WHAT TO PRODUCE: The entries below must be retyped exactly. Pictures are to be omitted.

Items from a data source:

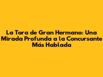 隆Hola a todos! Seguro que muchos de ustedes, al igual que yo, est谩n pegados a la pantalla siguiendo cada movimiento de los participantes de Gran Hermano. Y si hay alguien que ha generado mucho revuelo y conversaci贸n, esa es La Tora. En este art铆culo, vamos a sumergirnos en el universo de esta concursante, explorando qui茅n es, qu茅 la hace destacar y por qu茅 todos hablan de ella. Prep谩rense para un viaje lleno de chismes, an谩lisis y todo lo que necesitan saber sobre esta figura emblem谩tica del reality.
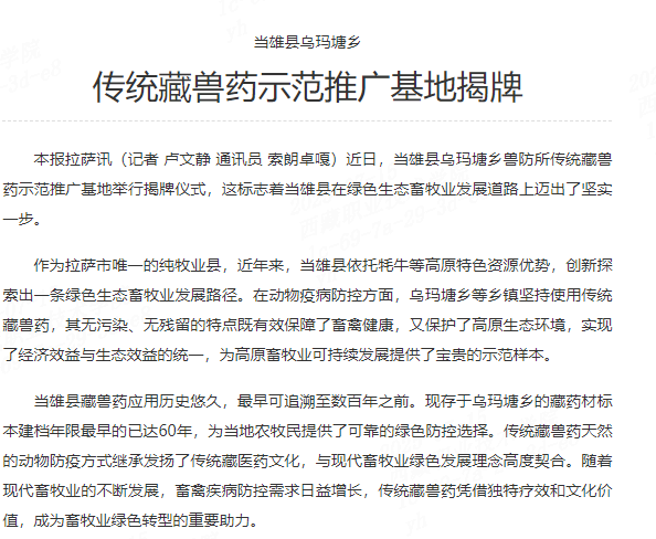 本报拉萨讯(记者 卢文静 通讯员 索朗卓嘎)近日,当雄县乌玛塘乡兽防所传统藏兽药示范推广基地举行揭牌仪式,这标志着当雄县在绿色生态畜牧业发展道路上迈出了坚实一步。作为拉萨市唯一的纯牧业县,近年来,当雄...
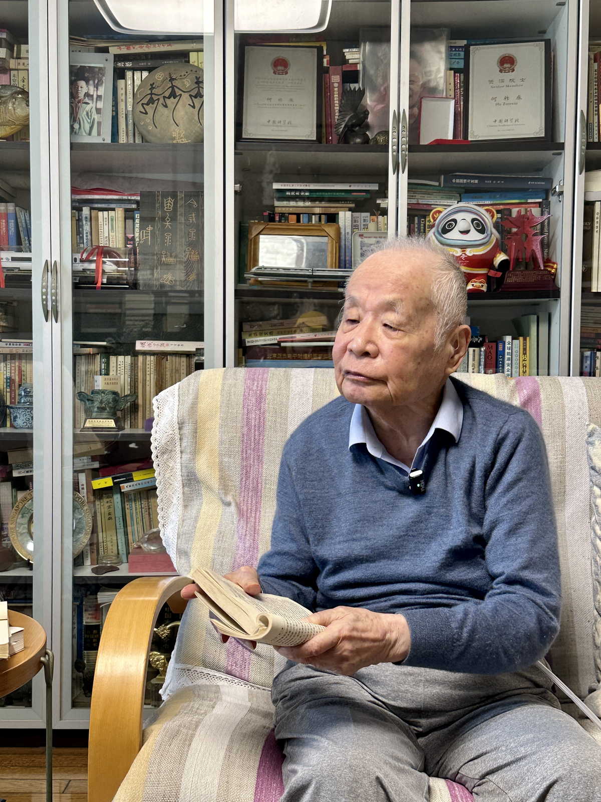 何祚庥在家中接受记者采访
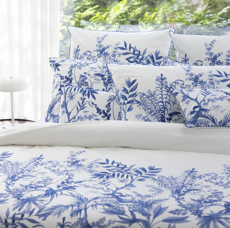 Somewhere in Europe, where the sky is a deep blue, this set is a life-size journey to the heart of a lush garden. Inspired by panoramic paintings, ivy, capillary, calathea, hosta and so many other species harmonise to create a garden paradise. The cotton percale pillowcases are accented with a delicate braid.- Fancy cotton braid- Combed yarns (long fibres),- Printed cotton percale,- Front: 122 threads/cm² - Back: 80 threads/cm²
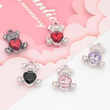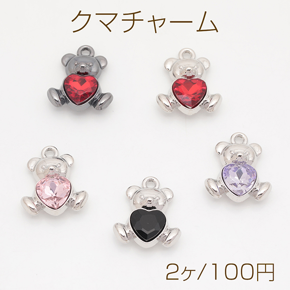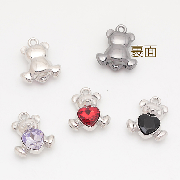 クマチャーム くま クマ 子熊 テディベア ストーン付き 立体 ガラスチャーム メタルチャーム 約16×19mm(2ヶ)
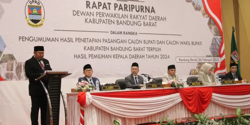Bandung Barat, – Dewan Perwakilan Rakyat Daerah (DPRD) Kabupaten Bandung Barat (KBB) menggelar Rapat Paripurna yang menjadi penutup rangkaian panjang proses Pilkada serentak 2024. Rapat yang diselenggarakan pada Kamis, 6 Februari 2025, ini secara resmi mengumumkan penetapan pasangan Jeje Ritchie Ismail dan Asep Ismail sebagai Bupati dan Wakil Bupati KBB terpilih.
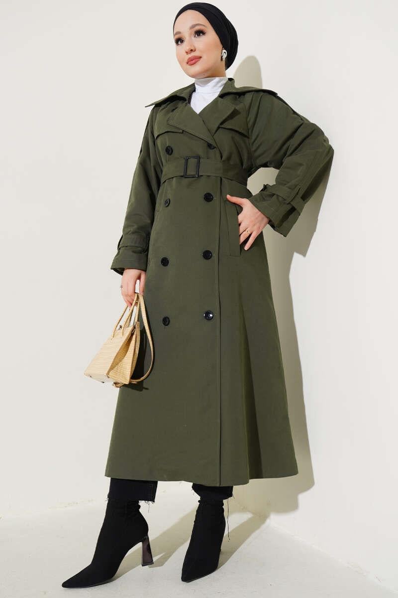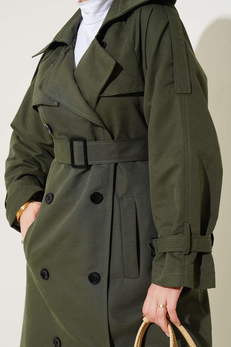 Lined Belted Long Trench Coat Khaki (0945-8005-577126)

THE COMPLETED TASK:
 隆Hola a todos! Seguro que muchos de ustedes, al igual que yo, est谩n pegados a la pantalla siguiendo cada movimiento de los participantes de Gran Hermano. Y si hay alguien que ha generado mucho revuelo y conversaci贸n, esa es La Tora. En este art铆culo, vamos a sumergirnos en el universo de esta concursante, explorando qui茅n es, qu茅 la hace destacar y por qu茅 todos hablan de ella. Prep谩rense para un viaje lleno de chismes, an谩lisis y todo lo que necesitan saber sobre esta figura emblem谩tica del reality.
 本报拉萨讯(记者 卢文静 通讯员 索朗卓嘎)近日,当雄县乌玛塘乡兽防所传统藏兽药示范推广基地举行揭牌仪式,这标志着当雄县在绿色生态畜牧业发展道路上迈出了坚实一步。作为拉萨市唯一的纯牧业县,近年来,当雄...
 何祚庥在家中接受记者采访
 Somewhere in Europe, where the sky is a deep blue, this set is a life-size journey to the heart of a lush garden. Inspired by panoramic paintings, ivy, capillary, calathea, hosta and so many other species harmonise to create a garden paradise. The cotton percale pillowcases are accented with a delicate braid.- Fancy cotton braid- Combed yarns (long fibres),- Printed cotton percale,- Front: 122 threads/cm² - Back: 80 threads/cm²
 クマチャーム くま クマ 子熊 テディベア ストーン付き 立体 ガラスチャーム メタルチャーム 約16×19mm(2ヶ)
Bandung Barat, – Dewan Perwakilan Rakyat Daerah (DPRD) Kabupaten Bandung Barat (KBB) menggelar Rapat Paripurna yang menjadi penutup rangkaian panjang proses Pilkada serentak 2024. Rapat yang diselenggarakan pada Kamis, 6 Februari 2025, ini secara resmi mengumumkan penetapan pasangan Jeje Ritchie Ismail dan Asep Ismail sebagai Bupati dan Wakil Bupati KBB terpilih.
 Lined Belted Long Trench Coat Khaki (0945-8005-577126)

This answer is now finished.